[Your objective]
Exactly as they appear, print the line with "質(zhì)量管理體系認(rèn)證證書(中文)" and each line after it through the end of the entries below; leave out pictures.

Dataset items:
▬▬▬
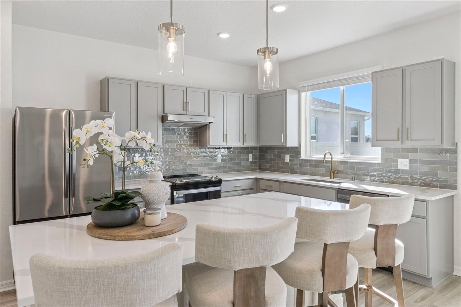 Additional upgrades include a whole-home water filtration system, security system, and a hybrid heat-pump water heater that efficiently heats water while cooling the garage.
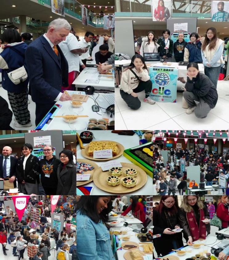 在3月2日举行的“2023全球周”博览会上,我校与诺丁汉特伦特大学中外合作办学硕士项目的学生,通过艺术和手工艺、音乐和食物,展示中华优秀传统文化。绿豆糕、沙琪玛、枣花糕、果丹皮等中国传统糕点吸引了现场外国朋友前来品尝;通过讲解中秋节的习俗,指导大家制作月饼,身着汉服的我校同学还在现场向大家展示了中国传统茶艺。展位上还设置了互动小游戏,为外国朋友介绍筷子的起源和如何正确使用筷子,诺丁汉特伦特大学外事副校长斯利安·赖恩教授也颇有兴致参与其中。
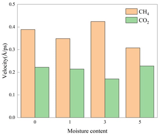 Figure 9 shows the distribution curve of the average movement speed of gas molecules in a certain direction during the process of CO2 displacement of CH4. When the moisture content was 0–1%, the movement speed of CH4 decreased, indicating that the presence of the water molecules impeded the movement of the CH4 molecules, which may be due to the existence of a certain degree of viscosity in the water molecules. However, when the moisture content was 3%, the movement speed of CH4 was high. On the contrary, the movement speed of the CO2 molecules decreased until a moisture content of 3%, where it reached the minimum value. This result means that at this time, the water molecules formed a water molecule layer with a large amount of CO2 molecules and resulted in CH4 desorption. The free space was mainly occupied by the CH4 molecules, and the diffusivity of the CH4 molecules was better than that of CO2. The CO2 molecules were not obstructed, which increased the movement velocity. However, when the moisture content reached 5%, the movement speed of CO2 increased, whereas the movement speed of CH4 decreased. These results indicate that when the water saturation level was exceeded, the secondary adsorption sites provided by the water molecules were not enough to promote CO2 adsorption, so some of the CO2 molecules desorbed into the free space. This occurrence prevented the movement of CH4 in the free space, thus decreasing the movement speed of CH4.
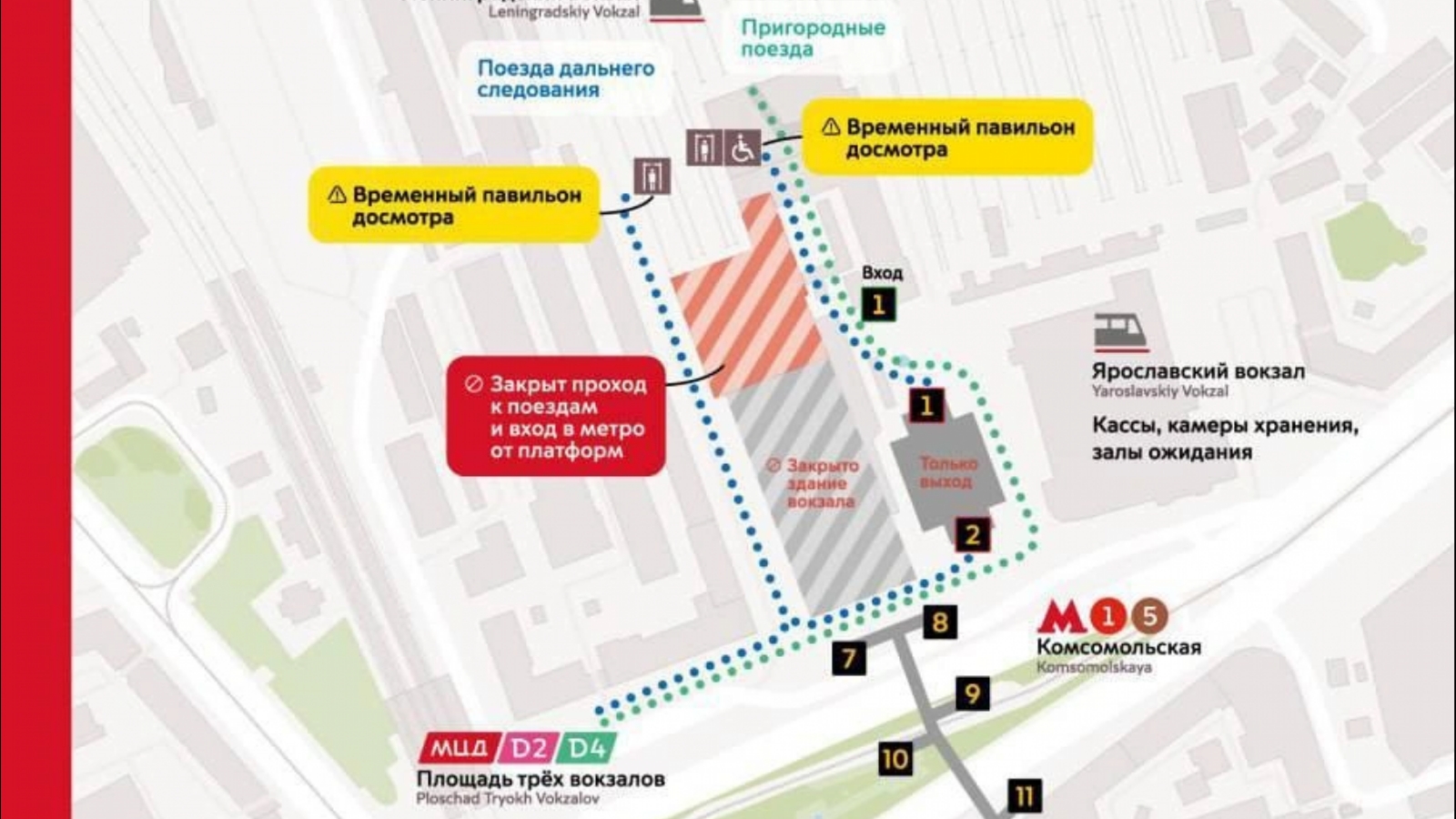 Для посадки на поезда дальнего следования нужно будет пройти через временные павильоны для досмотра. Они будут установлены со стороны проезда Комсомольской площади и со стороны Ярославского вокзала (он будет оборудован пандусом).
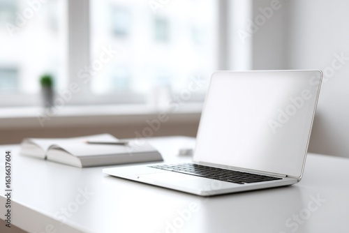 © Maria, Fototapeta premium Minimalist workspace featuring open laptop, notebook, and natura
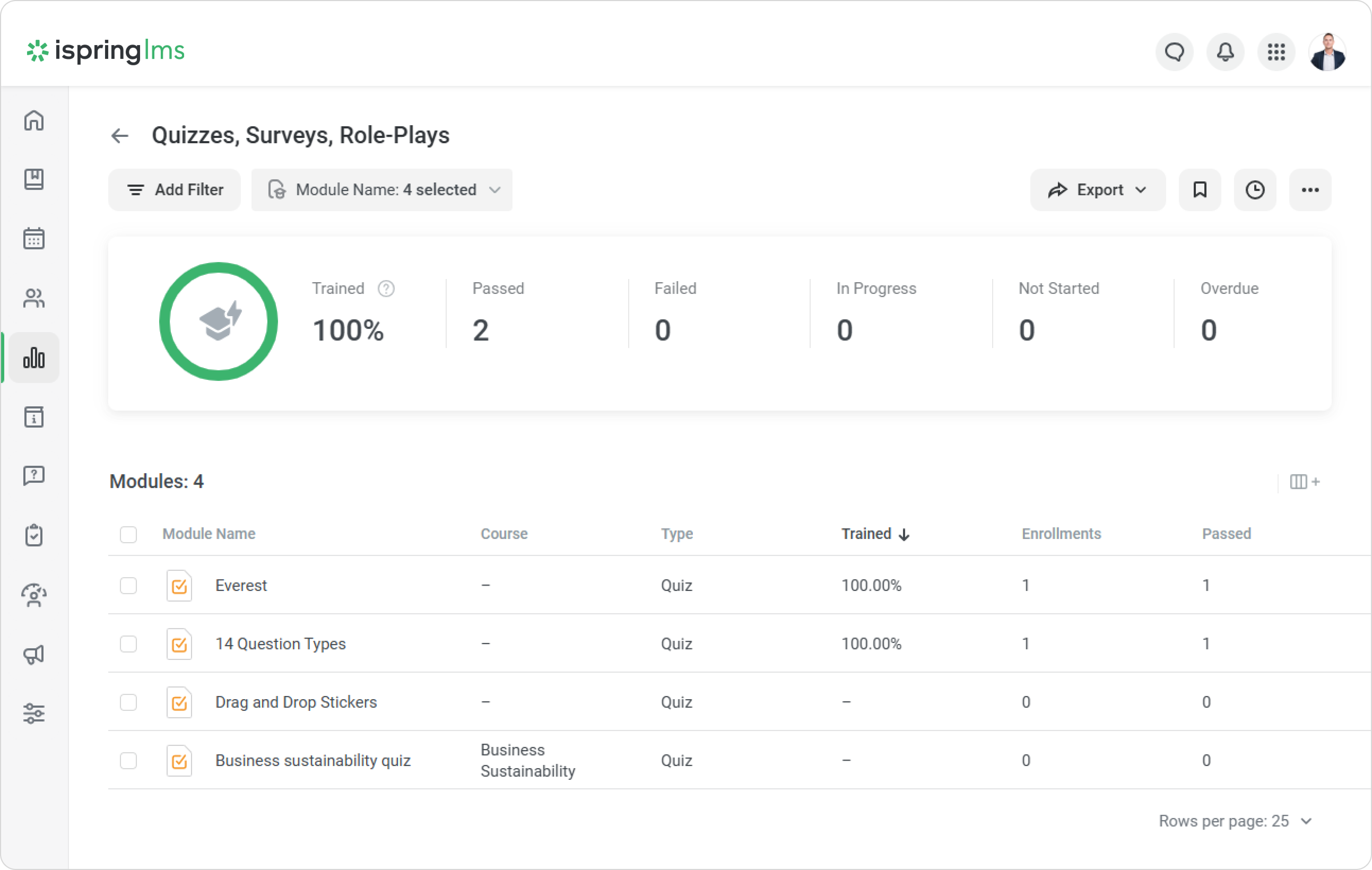 Trained | Level of students' training. To calculate this value, divide the number of completed modules by the total number of assigned modules. |
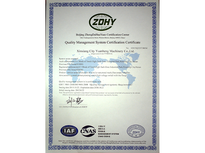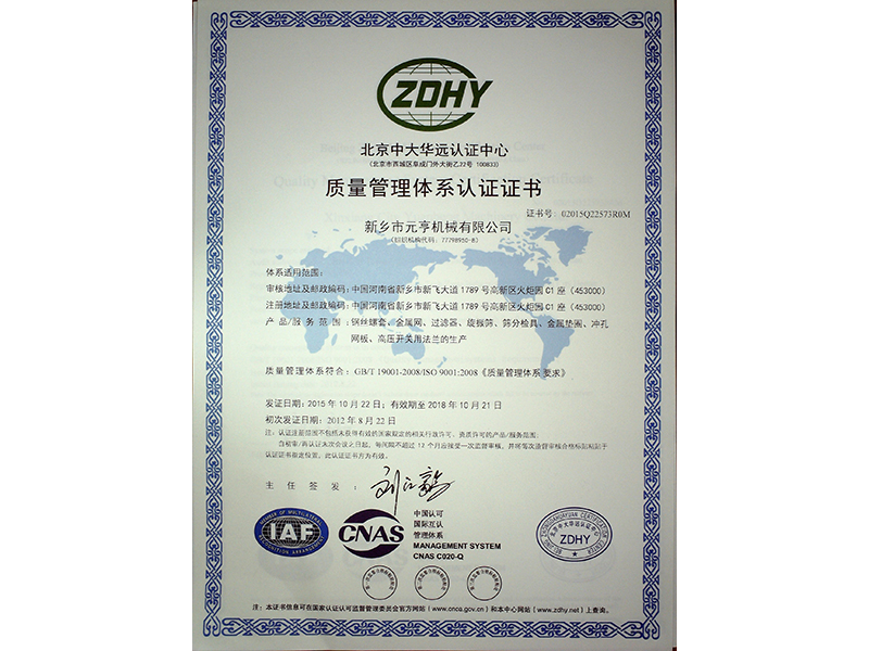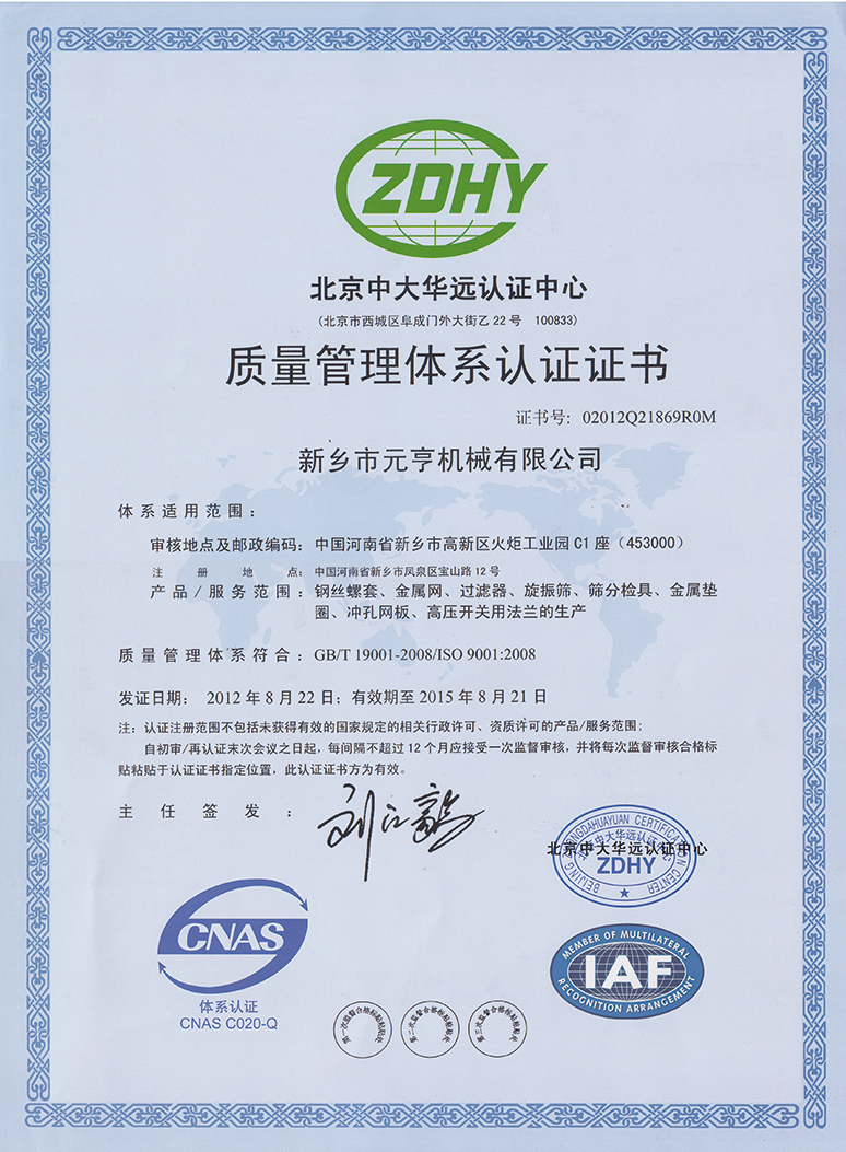 質(zhì)量管理體系認(rèn)證證書(中文)
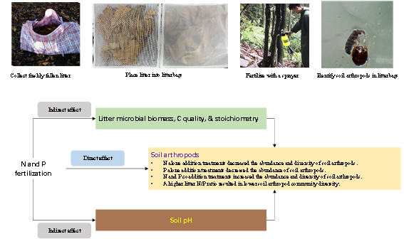 氮沉降引起的生态系统氮/磷比值的升高正以前所未有的速度改变着陆地生态系统凋落叶分解和生物多样性。土壤节肢动物对土壤养分敏感,因此氮和磷水平的波动可能会改变土壤节肢动物的群落结构和组成。然而,目前八戒体育官网(中国)有限公司磷添加及其与氮的交互作用对森林凋落叶分解过程中土壤节肢动物影响的研究鲜有报道,其响应机理更是知之甚少。研究团队在华西雨屏区进行了野外凋落叶分解袋试验,研究了氮、磷添加对凋落叶分解过程中土壤节肢动物的影响。研究结果表明,磷添加通过改变凋落叶分解过程中MBC含量,纤维素和木质素浓度,土壤pH值以及凋落叶氮/磷比进而反转了氮添加对凋落叶分解过程中土壤节肢动物多样性的负面影响。不仅如此,凋落物氮/磷比与土壤节肢动物多样性呈负相关关系,且单独添加氮处理增加了凋落叶氮/磷比,这意味着如果未来大气氮沉降继续上升,凋落叶分解过程中土壤节肢动物多样性将减少。
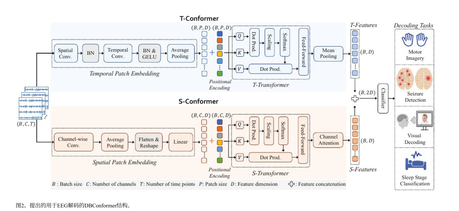 DBConformer 采用双分支并行结构,对称建模 EEG 信号的时间动态与空间模式,核心由 temporal Conformer(T-Conformer)、spatial Conformer(S-Conformer)、通道注意力模块及特征融合层组成,架构对比见下表:
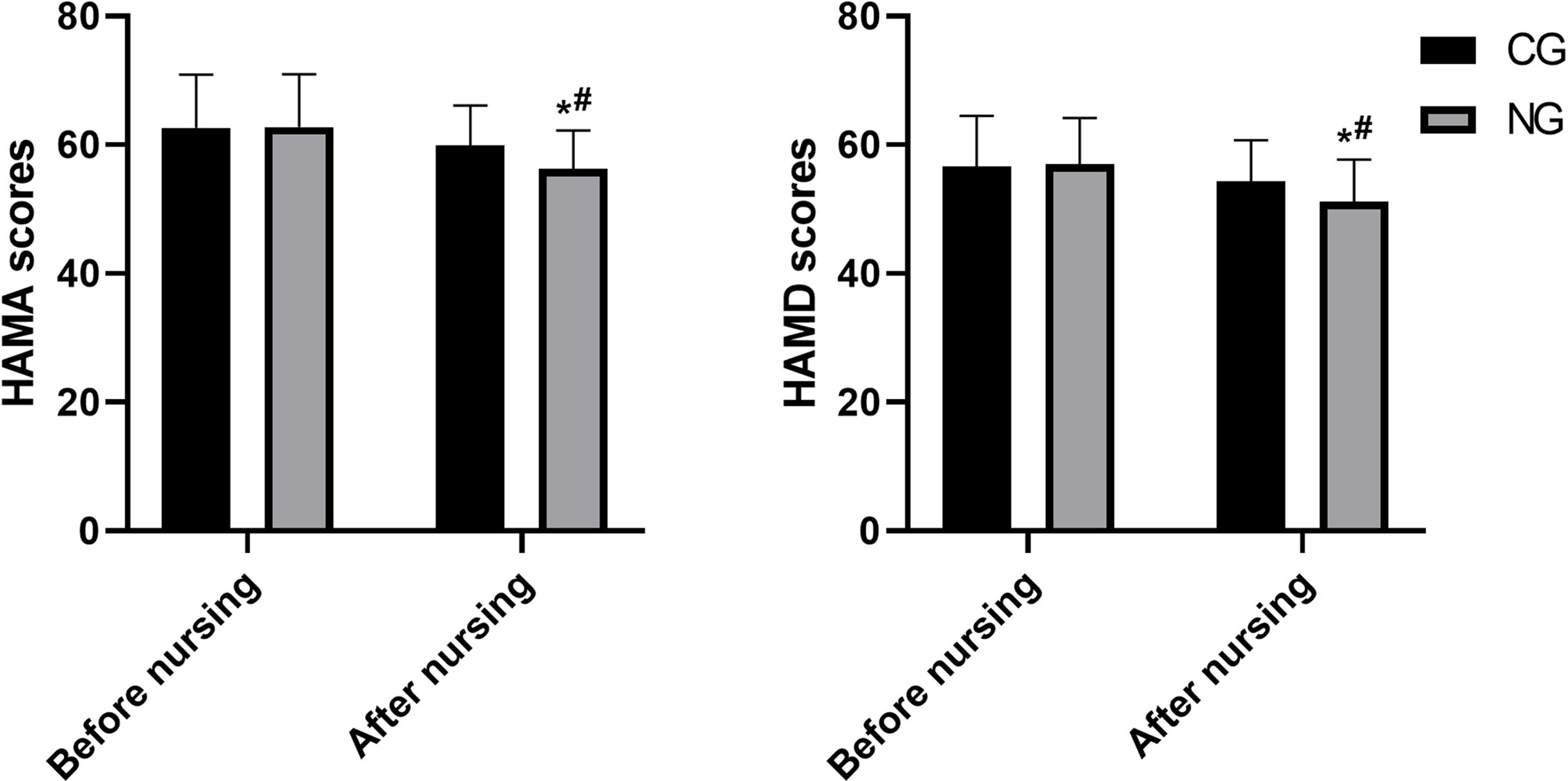 Figure 4. Comparison of HAMA and HAMD scores. *P<0.05 compared with before nursing, #P<0.05 compared with CG.
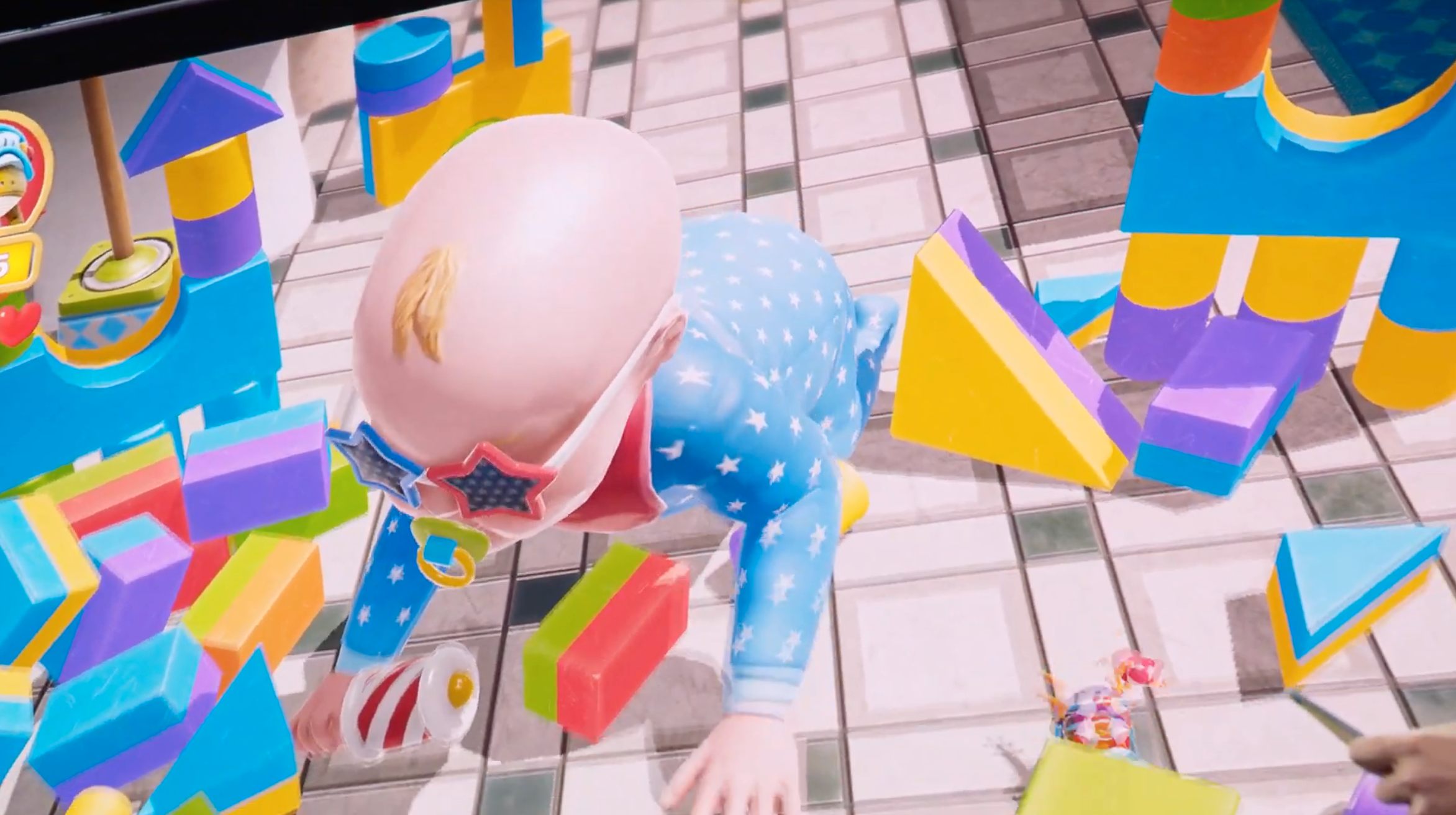 Вот этот огромный ребенок! Но главный герой игры — лягушка (фууу)
▬▬▬
[Solution to this problem]
 質(zhì)量管理體系認(rèn)證證書(中文)
 氮沉降引起的生态系统氮/磷比值的升高正以前所未有的速度改变着陆地生态系统凋落叶分解和生物多样性。土壤节肢动物对土壤养分敏感,因此氮和磷水平的波动可能会改变土壤节肢动物的群落结构和组成。然而,目前八戒体育官网(中国)有限公司磷添加及其与氮的交互作用对森林凋落叶分解过程中土壤节肢动物影响的研究鲜有报道,其响应机理更是知之甚少。研究团队在华西雨屏区进行了野外凋落叶分解袋试验,研究了氮、磷添加对凋落叶分解过程中土壤节肢动物的影响。研究结果表明,磷添加通过改变凋落叶分解过程中MBC含量,纤维素和木质素浓度,土壤pH值以及凋落叶氮/磷比进而反转了氮添加对凋落叶分解过程中土壤节肢动物多样性的负面影响。不仅如此,凋落物氮/磷比与土壤节肢动物多样性呈负相关关系,且单独添加氮处理增加了凋落叶氮/磷比,这意味着如果未来大气氮沉降继续上升,凋落叶分解过程中土壤节肢动物多样性将减少。
 DBConformer 采用双分支并行结构,对称建模 EEG 信号的时间动态与空间模式,核心由 temporal Conformer(T-Conformer)、spatial Conformer(S-Conformer)、通道注意力模块及特征融合层组成,架构对比见下表:
 Figure 4. Comparison of HAMA and HAMD scores. *P<0.05 compared with before nursing, #P<0.05 compared with CG.
 Вот этот огромный ребенок! Но главный герой игры — лягушка (фууу)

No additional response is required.